That is performing a lexicographical sort. See the previous example's critique for why a lexicographical sort is inappropriate.

Why? sort -nr will look for a numeric string at the very beginning of the line. If it doesn't find one, it will behave as if it read a zero. Since the first field in the sample data is alphabetic, all lines will numerically compare as equal to zero and to each other, which then requires sort to break that tie by performing a lexicographical sort on the entire line. Long story short, -n may as well not have been specified; given the sample data (and any data set where the first non-blank sequence is not a valid numeric string), sort -nr and sort -r give identical results.

Regards,
Alister

elixir_sinari · June 29, 2012, 8:33am

Is there any problem in this solution, alister?

awk -F"[ v.]" '$3+0==vleft[$1]+0 && $4"">vright[$1]"" {vright[$1]=$4} $3+0>vleft[$1]+0 {vleft[$1]=$3;vright[$1]=$4} END {for(i in vleft) print i" v"vleft"."vright}' inputfile

ctsgnb · June 29, 2012, 8:35am

I didn't noticed that tricky difference between -F " " and -F "[ ]"

Thanks, for pointing this!

alister · June 29, 2012, 10:01am

elixir_sinari:

Is there any problem in this solution, alister?

awk -F"[ v.]" '$3+0==vleft[$1]+0 && $4"">vright[$1]"" {vright[$1]=$4}
$3+0>vleft[$1]+0 {vleft[$1]=$3;vright[$1]=$4} END {for(i in vleft) print i" v"vleft"."vright}' inputfile

Hi, elixir:

Is it my imagination, or did you change +0 to "" in the highlighted expression? (I had looked at it earlier and thought it looked good, but was sidetracked and did not post.)

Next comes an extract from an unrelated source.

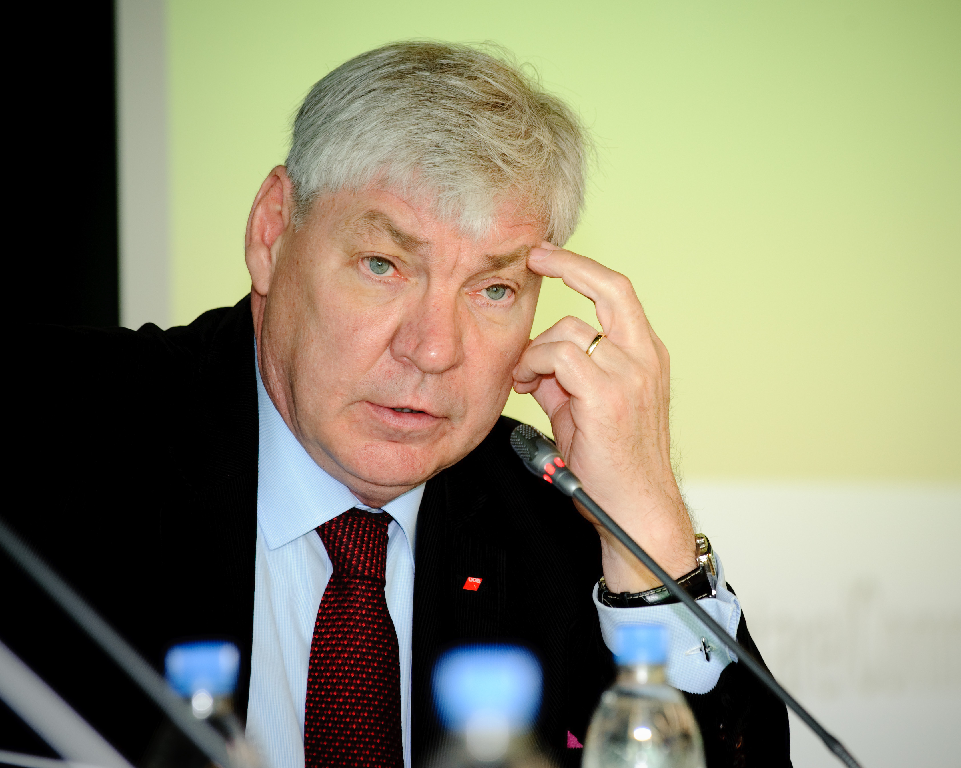 Foto: Stephan Röhl

That string comparison is incorrect. The +0 variant, forcing numeric comparison of $4, should work correctly.

Regards,
Alister

drl · June 29, 2012, 10:15am

Hi, elixir_sinar.

elixir_sinari:

Is there any problem in this solution, alister?

awk -F"[ v.]" '$3+0==vleft[$1]+0 && $4"">vright[$1]"" {vright[$1]=$4} $3+0>vleft[$1]+0 {vleft[$1]=$3;vright[$1]=$4} END {for(i in vleft) print i" v"vleft"."vright}' inputfile

Well, let us try it:

#!/usr/bin/env bash

# @(#) user2	Demonstrate proposed awk solution for "version" strings.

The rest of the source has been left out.